Item ID Catalogue Name Catalogue Year All Year
A Spring 2012 2012, 2016, 2017
A Spring 2016 2012, 2016, 2017
A Spring 2017 2012, 2016, 2017
B Fall 2014 2014, 2016
B Fall 2014 2014, 2016
B Fall 2016 2014, 2016

Notice that for Item ID B, the result in every cell of the fourth column is 2014, 2016 and not 2014,2014,2016.  So while joining (concatenating in technical MS Excel terminology) entries from the "Catalogues Year" column in the "All Year" column, only unique entries for that Item ID have to be considered.

Excel 2016 has a TEXTJOIN() function which gets use close to the final result but does not take into account the unique entries only (it takes all entries into account all entries).  On using the TEXTJOIN() array formula in a spare column, here is the result i got:

Item ID Catalogue Name Catalogue Year All Year
A Spring 2012 2012, 2016, 2017
A Spring 2016 2012, 2016, 2017
A Spring 2017 2012, 2016, 2017
B Fall 2014 2014, 2014, 2016
B Fall 2014 2014, 2014, 2016
B Fall 2016 2014, 2014, 2016

Notice that for Item ID B, the result is 2014, 2014, 2017 and not 2014, 2017.  So the TEXTJOIN() function does not work.
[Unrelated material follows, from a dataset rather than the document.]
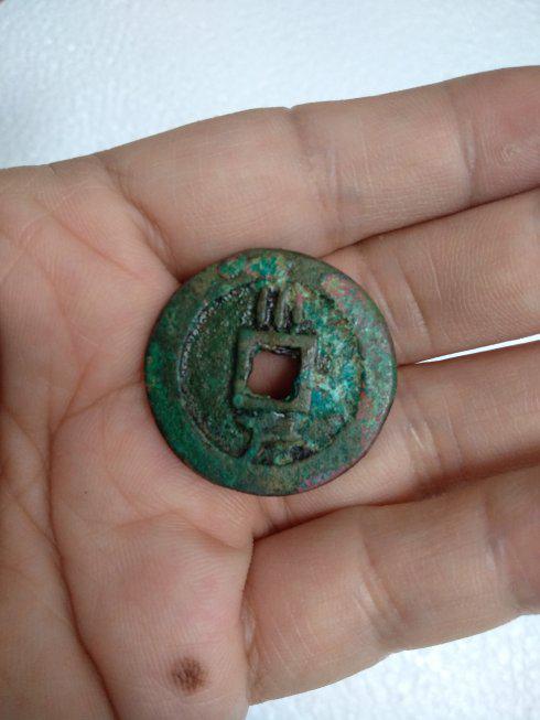 品泉阁主今天向大家展示这枚如皋陈建平家藏的大顺通宝背川户厚版钱币,直径28mm,重12克。正面,红斑入骨,边缘黑锈重重,绿锈点缀其间,楷书钱文大顺通宝四字直读;背面,绿锈厚重,红斑黑锈点缀其间,幽古之风扑面而来。看钱文,背面上川下户,串口可见明显使用痕迹。

I have solved this problem using Power Query (Get and Transform in Excel 2016).  You may download my solution workbook from here.

Prepare an invigilation schedule for each teacher by different time periods

{5 Comments}

Imagine a multi column exam invigilation schedule with the following information

  1. S. No.
  2. Name of staff
  3. Designation of staff member
  4. Two columns for each day on which there is an exam - one for Morning and another for Afternoon
  5. A * under each column if that particular staff member has to be an invigilator during that time period
S. No. Name of staff Designation 09/11/2017-Morning 09/11/2017-Afternoon 10/11/2017-Morning 10/11/2017-Afternoon
1 Tom Lecturer * * *
2 Sam Lecturer * *

This dataset stretches into many more columns.  So if the exams last for 15 days, there will be 30 columns.  The objective is to condense the column expanding dataset into a 5 column one - S. No., Name of Staff, Designation, Morning and Evening.  Under the Morning and Evening columns, the different dates have to be separated by commas in that one single cell.  The expected result is:

Name of staff S. No. Designation Morning Afternoon
Tom 1 Lecturer 09/11/2017, 10/11/2017, 11/11/2017, 13/11/2017, 14/11/2017, 16/11/2017, 17/11/2017 10/11/2017, 13/11/2017, 14/11/2017, 15/11/2017, 16/11/2017, 17/11/2017
Sam 2 Lecturer 09/11/2017, 13/11/2017, 15/11/2017, 16/11/2017 09/11/2017

I can think of 3 ways to solve this problem. Here's a brief about each of those methods:

  1. Using Power Query and Excel's functions - Using Power Query, one can first unpivot the data and then use the TEXTJOIN() function.  This would be an array formula.
  2. Using Power Query only - Using Power Query, one can first unpivot the data and then modify the code to concatenate all dates in a single cell for that invigilator.  One can then Pivot the data in Power Query itself
  3. Using Power Query and PowerPivot - Using Power Query, one can first unpivot the data and then use the CONCATENATEX() function of the PowerPivot.

As you can observe, the common thread in all solutions is that one has to first unpivot the dataset.

You may refer to all my 3 solutions in this workbook.